The major contributions of this work can be summarized in three aspects: 1) We propose OAM, a novel network structure to avoid facial blocks with occlusion and select non-occluded blocks. 2) A region biased loss (Block-Loss) is proposed to optimize the selection of crucial regions. 3) On four challenging datasets with occlusions, we demonstrate that our methods achieve superior performance.

2 Related Work

2.1 FER Methods Against Occlusions

Many FER methods consider using prior knowledge to strike a better performance both in lab-constraint and in-the-wild scenarios. Common options to incorporate such knowledge includes manually design refined segmentation based on detected facial landmarks since it is effective to constraint the model’s input to only the regions where expression-related actions occur. According to the facial action coding system [10], action units are situated around the eyes, the forehead, and the mouth. Extracting those key areas accordingly reduces noise from hair, sunglasses, masks, and other occlusions. However, it works only if these key areas are not occluded.

When the location of occlusions is uncertain, dividing the whole facial image into smaller patches while applying some selection or weighting method over the patches is often more robust than the key-area segmentation approaches. Face partitioning methods varies from uniform partitioning [14], landmark-centered partitioning [19], to sampling-oriented [27]. Subsequently, the occluded patches are given smaller importance weights, or simply excluded from the recognition process.
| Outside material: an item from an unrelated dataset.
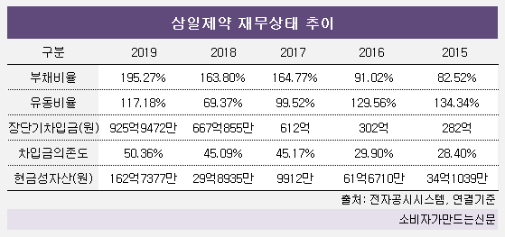 금융감독원 전자공시시스템에 따르면 삼일제약의 지난해 부채비율은 195.27%로 전년도 163.8%에 비해 12%포인트 가량 높아졌다. 통상 부채비율은 100% 미만을 건전한 것으로 보는데 삼일제약은 기준치의 2배 가까운 수준이다.
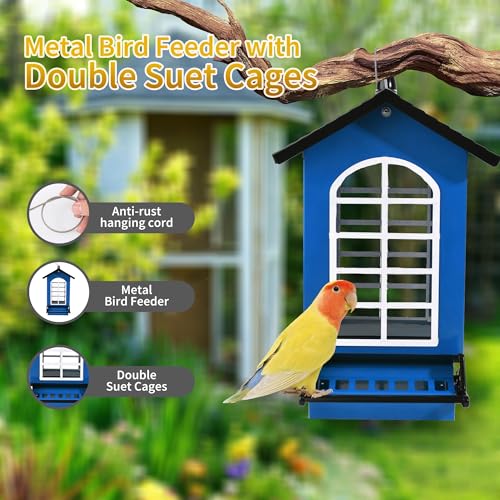 🐦The hanging bird feeder for outdoors is made of durable metal material, strong and durable, suitable for a wide variety of weather, and squirrels cannot damage your metal bird feeder. The sturdy lanyard means you shouldn’t have to worry about the rope breaking in the sun or in the sun.

Recent works following this principle prefer to generate an importance score for each block according to its contribution to the classification. For example, Li et al. [19] proposed to use a convolution neural network with attention mechanism to compute an adaptive weight from the region itself according to the unobstructedness and importance. Wang et al. [27] proposed a novel region attention network using the sigmoid value to represent the attention value and combining the overall and part features to enhance the ability of the network.

The above methods obtain the importance score through a designed deep neural network, and it is considered that the blocks with large importance scores should be focused on by the network. But in fact, the blocks with large importance scores are possible to be the occluded blocks. Different from these works, our method determines whether the block is occluded by the similarity between the facial block and the whole image, rather than simply using the important score. When the face image is partially obscured, its overall characteristics are still close to a face, so the blocks which are close to the face image are non-occluded blocks.

2.2 Sparse Representation

Inspired by the success of sparse approximation in the face recognition task [29], researchers proposed adaptations and variations of sparse encoding to the expression recognition task. Methods concerning sparse representation decompose a facial image as a linear combination of images from the same expression category. During the process, four typical facial features, i.e., the raw pixels [31], Gabor wavelets representation [6], local binary patterns [2], and deep features extracted by a deep convolutional network [1] are used as the effective representations for the expression images.

However, the above methods suffer drastically from insufficient training sample size and variations included. To effectively represent an unseen image containing an occluded facial expression, they also require assistance from well-performing decorrelation technique, precise face alignment, and normalization which is far from reaching in many in-the-wild datasets to date. Although we also decompose the whole facial image as a linear combination, our method distinguishes itself from existing sparse representation methods since we measure how much content in each patch is related to the whole image.

3 Proposed Method

3.1 Overview of Region Re-weight Network

As depicted in Fig. 1, RRWN extends the traditional CNN architecture by the additional OAM and BLM. To begin with, the face image is fed into the first layer of the backbone network to obtain feature maps for the whole face image as well as each local block. Next, OAM selects the non-occluded blocks by measuring the similarity between local and global vectors. Finally, the non-occluded blocks will be highlighted in the latter CNN layers. In addition to OAM, we also introduce BLM which contains a loss function to emphasize the role of critical block, which comes from non-occluded blocks chosen by OAM. As a result, The whole RRWN can be trained in an end-to-end manner.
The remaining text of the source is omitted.